Michigan to begin changing how it funds mental health, addiction services

More than a dozen behavioral health clinics in Michigan will now be able to turn to Medicaid to fund their services, in much the same way that community health centers for physical care can do.

The new funding vehicle will allow clinics that meet quality standards to expand access to services, including 24-hour crisis mental health services, which are expected to reduce unnecessary visits to prisons and emergency rooms as a result of the lack of community mental health services.

U.S. Senator Debbie Stabeno, D. Lansing, revealed the state’s new “Transformational Behavioral Health Initiative” on Wednesday, October 13, during a virtual call with reporters. She was joined by Lt. Garlin Gilchrist II and Elizabeth Hertel, director of the Michigan Department of Health and Human Services.

“In our country, we have not funded mental health and addiction treatment as healthcare,” Stabino said. “For a very long time, we have said that healthcare above the neck is treated differently than healthcare below the neck.

“It may not seem like a lot, but it is fundamental to changing the way we provide mental health and addiction services in the community.”

As of this month, 13 of Michigan’s 33 accredited community behavioral health clinics will be reimbursed for service costs — an increase in funding backed by $26.5 million and US$26.5 million. Prior to this change, clinics used a variety of funding sources including grants and some Medicaid reimbursement.

The remaining 20 clinics will continue to be funded through start-up grants, although Stabenow said the next step in the process will be to get more of these clinics full Medicaid funding as well.

To be considered a certified community behavioral health clinic, these centers must meet certain quality standards. They are required to provide a comprehensive range of behavioral health services including 24/7/365 crisis services; outpatient mental health and substance abuse treatment services; spot checks, risk assessments and diagnoses; and coordinate care with emergency rooms, law enforcement, and veteran groups.

Stabeno said the initiative aims to permanently bridge the funding gap between physical and behavioral health care, which has long forced the latter to rely on grant funding to provide services to people in need.

Related: Mental health struggles are increasing in Michigan families during the pandemic. Here are their stories.

The 13 clinics eligible for the new funding compensation include:

  • Community Mental Health and Substance Abuse Services in St. Joseph County
  • Clinton, Eaton, and Ingham County Community Mental Health Authority
  • Community Network Services (Oakland County)
  • Easterseals (Auckland County)
  • HealthWest (Muskegon County)
  • Kalamazoo Integrated Services
  • Macomb County Community Mental Health
  • Saginaw County Community Mental Health Authority
  • Saint Clair County Community Mental Health Authority
  • Orientation Center (Wayne County)
  • Right Door (Ionia Province)
  • Community mental health in Washtenaw County
  • Western Michigan Community Mental Health (Lake, Mason, and Oceana counties)

Michigan is not the first state to recognize accredited community behavioral health clinics.
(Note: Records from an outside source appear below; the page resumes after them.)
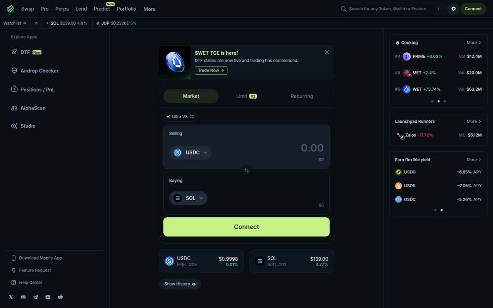 Jupiter brands itself as “The Solana Superapp,” combining multiple decentralized finance functions under a single web interface. Its homepage and navigation indicate core verticals such as Swap, Pro, Perps, Lend, Portfolio, and Prediction, making it clear the platform aims to serve both casual traders and more advanced DeFi users. Users access the platform by connecting a Solana wallet, then can perform token swaps, trade perpetuals, deposit into lending products, track investments, and explore new token launches and trending assets.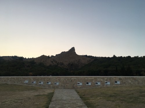 A low wall and a grassy area distinguish ANZAC Cove from the surrounding area which is thick with trees and shrubs. I am drawn to the imposing hill called “The Sphinx” which dominates the landscape and must have seemed almost impossible to climb to those first soldiers ashore. I am struck by the simplicity of the the location, just a couple of low walls and some plaques describing the events. I have only ever seen it on television filled with people for the dawn service. We are lucky to have the location to ourselves, not a person in sight.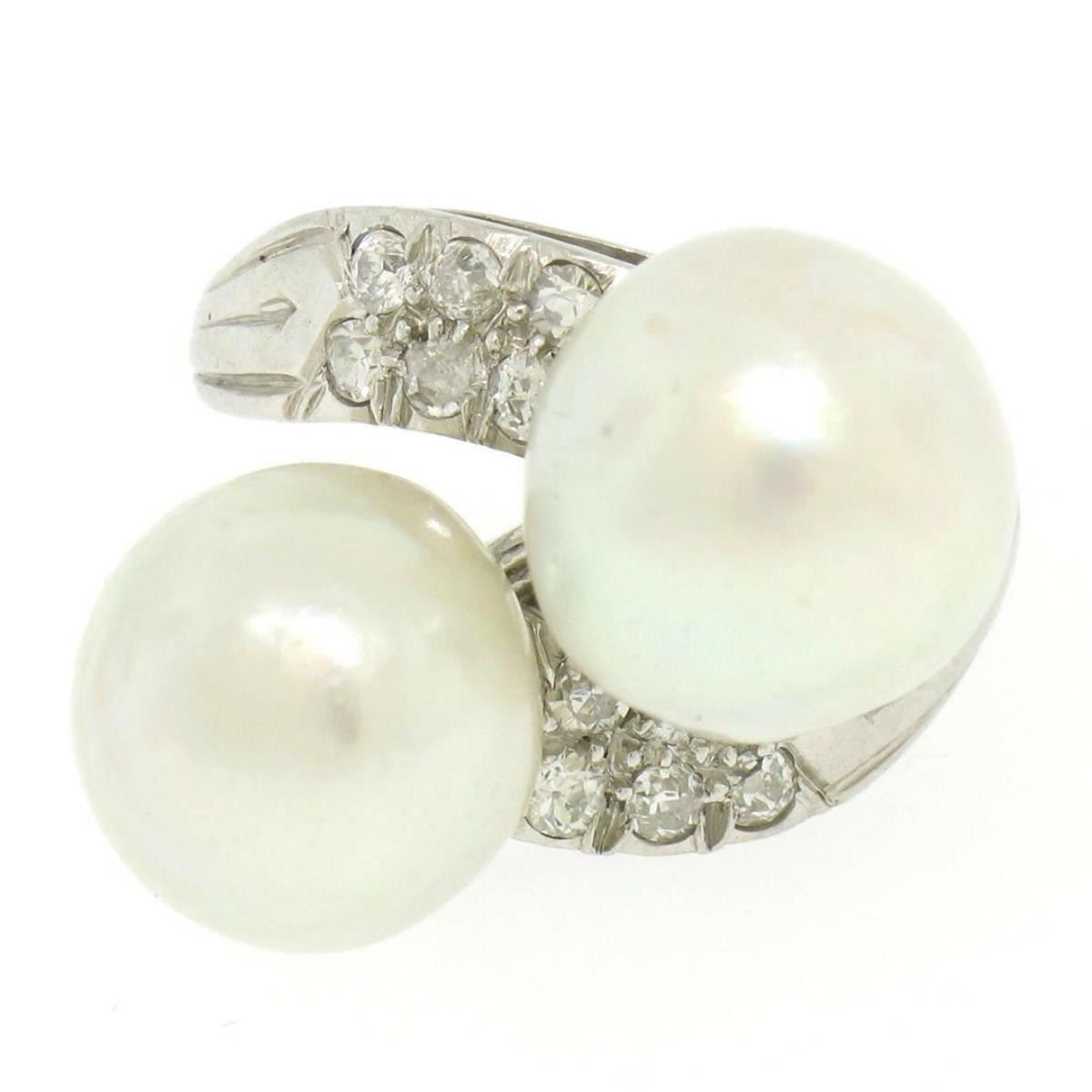 One GIA Certified Antique Solid Platinum Large Pearl & Diamond Bypass Cocktail Ring. Item Details: Material: .900 Solid Platinum, Weight: 11.50 Grams, Stone(s): (2) Natural Genuine Cultured Pearls - ** See Certification Details Below for Complete Info **, (11) Natural Genuine Diamonds - Round Single Cut - Pave Set - G-H Color - VS2-SI1 Clarity 0.30ctw (approx.), Total Carat Weight: 0.30ctw (approx.), Ring Size: 6.5, Ring Width: 21mm at its widest (where the pearls are), Ring Height: 11.75mm rise off the finger at its very highest, Condition: Original finish preserved. Pearls are Perfect and diamonds are secure. Certification Details Laboratory: GIA, Report Number: 1176402030, Stone Type: Cultured Saltwater Pearls from the Pinctada Maxima Mollusk. Stone Shape: Semi-Baroque. Dimensions: A-11.18x10.88mm and B-12.24x11.12mm, Color: White with Orient Overtone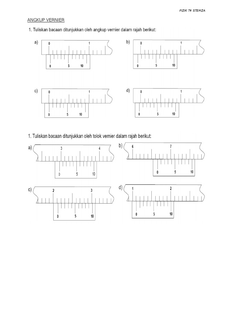 0%0% found this document useful, mark this document as useful. Ada trik khusus yang bisa digunakan untuk membaca. Calliper vernier modern ditemukan oleh joseph r. Jangka sorong (vernier caliper) adalah suatu alat ukur panjang yang dapat digunakan untuk mengukur panjang suatu benda dengan ketelitian hingga 0,1 mm. Angkup vernier mempunyai tahap jitu bacaan yang lebih, tetapi mempunyai had gunaan kepada saiz ia tidak boleh digunakan untuk membaca ukuran garis pusat paip yang besar.

Elsewhere in the country, communities with these clinics had 63.2% fewer emergency department visits for a behavioral health crisis, a 40.7% decrease in homelessness, and 60.3% less time in prison, according to the US Department of Health and Human Services.

“I look forward to Michigan being part of the ongoing success story of this program in helping demonstrate widespread adoption of the CBDHC model across the state and across the country,” Michigan Governor Garleen Gilchrist said.

Lt. Governor noted the historical differences in who can afford and/or access mental health services, as well as the stigmas associated with them. He described the previous financing model as “disjointed, insufficient and inadequate”.

“It’s not about how much money you have, it’s about making sure you get the care you need to be healthy and successful,” Gilchrist said.

Karen Block is one Michigander who has benefited from visiting an accredited clinic. Through services provided by Easterseals in Southfield, she said she has been able to stay out of hospital and find work on her way to recovery.

“It has helped me get so far in my recovery that I have had a part-time job,” Block said. “I just want to say that the help I received from Easterseals has changed my life. Everyone should be able to receive the services they need.”

The coronavirus pandemic has exacerbated the country’s mental health struggles. For most of the first year with COVID-19, people were isolated and afraid of this unknown disease, and livelihoods were turned upside down as communities tried to limit the spread of the virus.

In 2020, drug overdose deaths increased 30% nationally, reaching an all-time high according to the Centers for Disease Control and Prevention.

Related: Michigan’s coronavirus crisis is causing an epidemic of mental health problems

Throughout the pandemic, Stabenow has secured $1.52 billion in funding through the U.S. bailout, Consolidated Appropriations Act of 2021, and the Coronavirus Control, Relief, and Economic Security (CARES) Act, for the Certified Community Behavioral Health Clinic Expansion Grant Program, according to the National Expansion Grant Program Community Behavioral Health Clinic. to her office.

“The COVID-19 crisis has highlighted the urgent and continuing need to fund comprehensive community mental health and addiction services,” Stabeno said.

One in five Americans has a mental illness or substance use disorder. And now more Michigan families are struggling as we recover from the pandemic.”